Output exactly the lines that run from the start of the records to the line with "Vom Campingplatz Aareg", counting both ends, and skip the pictures.

**DATA EXTRACT:**

------------------------

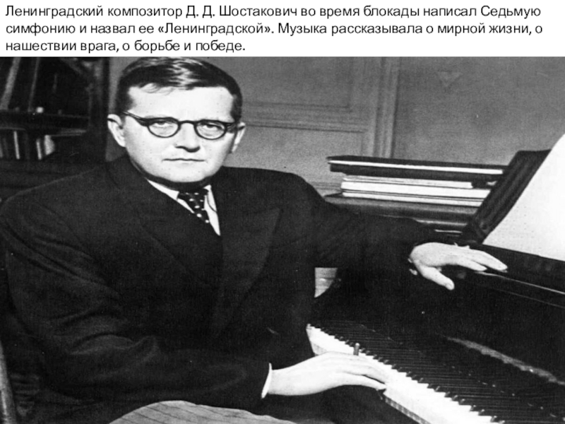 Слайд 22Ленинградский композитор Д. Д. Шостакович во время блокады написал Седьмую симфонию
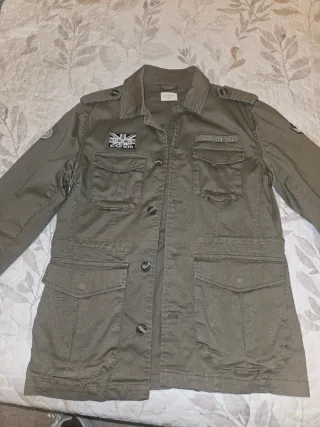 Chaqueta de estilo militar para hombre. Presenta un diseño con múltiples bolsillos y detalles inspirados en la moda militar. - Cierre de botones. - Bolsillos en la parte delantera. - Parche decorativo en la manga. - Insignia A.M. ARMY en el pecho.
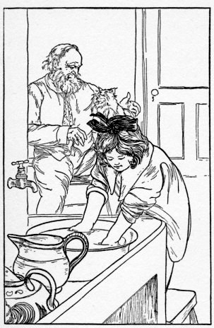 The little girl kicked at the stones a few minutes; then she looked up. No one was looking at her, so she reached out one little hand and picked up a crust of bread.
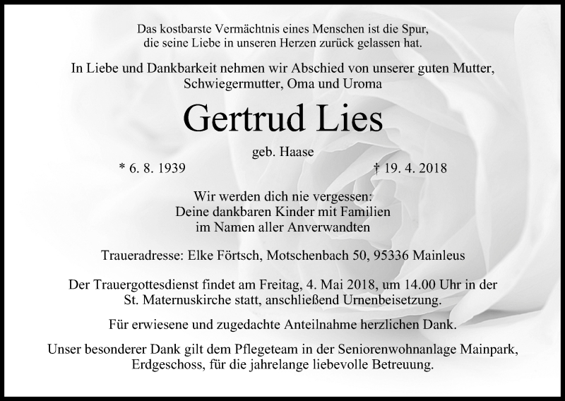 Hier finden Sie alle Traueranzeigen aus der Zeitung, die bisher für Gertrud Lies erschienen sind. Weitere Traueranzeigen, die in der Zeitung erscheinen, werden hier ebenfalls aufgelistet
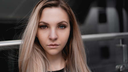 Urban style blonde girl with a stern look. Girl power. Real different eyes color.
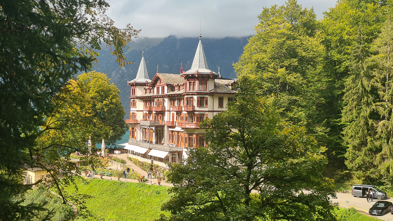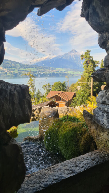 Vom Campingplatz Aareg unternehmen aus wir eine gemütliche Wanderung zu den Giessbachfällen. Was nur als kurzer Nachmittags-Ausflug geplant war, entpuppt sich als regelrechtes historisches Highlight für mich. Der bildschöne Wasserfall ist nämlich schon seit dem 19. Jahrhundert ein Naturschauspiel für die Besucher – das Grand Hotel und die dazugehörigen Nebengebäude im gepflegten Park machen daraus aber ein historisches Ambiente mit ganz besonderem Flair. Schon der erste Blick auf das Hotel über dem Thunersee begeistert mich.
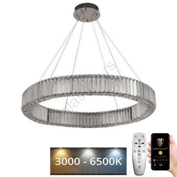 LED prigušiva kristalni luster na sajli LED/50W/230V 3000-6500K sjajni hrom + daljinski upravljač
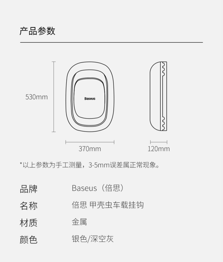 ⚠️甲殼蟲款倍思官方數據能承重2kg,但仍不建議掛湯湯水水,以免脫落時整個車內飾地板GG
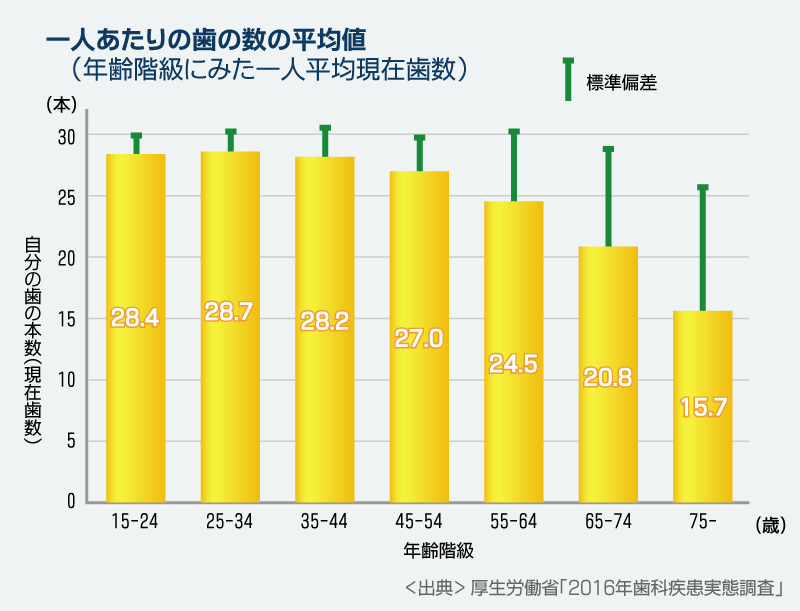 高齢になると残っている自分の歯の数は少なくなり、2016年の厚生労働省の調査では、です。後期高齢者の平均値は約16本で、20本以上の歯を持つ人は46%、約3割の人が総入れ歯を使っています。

------------------------

**RESPONSE AREA:**
 Слайд 22Ленинградский композитор Д. Д. Шостакович во время блокады написал Седьмую симфонию
 Chaqueta de estilo militar para hombre. Presenta un diseño con múltiples bolsillos y detalles inspirados en la moda militar. - Cierre de botones. - Bolsillos en la parte delantera. - Parche decorativo en la manga. - Insignia A.M. ARMY en el pecho.
 The little girl kicked at the stones a few minutes; then she looked up. No one was looking at her, so she reached out one little hand and picked up a crust of bread.
 Hier finden Sie alle Traueranzeigen aus der Zeitung, die bisher für Gertrud Lies erschienen sind. Weitere Traueranzeigen, die in der Zeitung erscheinen, werden hier ebenfalls aufgelistet
 Urban style blonde girl with a stern look. Girl power. Real different eyes color.
 Vom Campingplatz Aareg unternehmen aus wir eine gemütliche Wanderung zu den Giessbachfällen. Was nur als kurzer Nachmittags-Ausflug geplant war, entpuppt sich als regelrechtes historisches Highlight für mich. Der bildschöne Wasserfall ist nämlich schon seit dem 19. Jahrhundert ein Naturschauspiel für die Besucher – das Grand Hotel und die dazugehörigen Nebengebäude im gepflegten Park machen daraus aber ein historisches Ambiente mit ganz besonderem Flair. Schon der erste Blick auf das Hotel über dem Thunersee begeistert mich.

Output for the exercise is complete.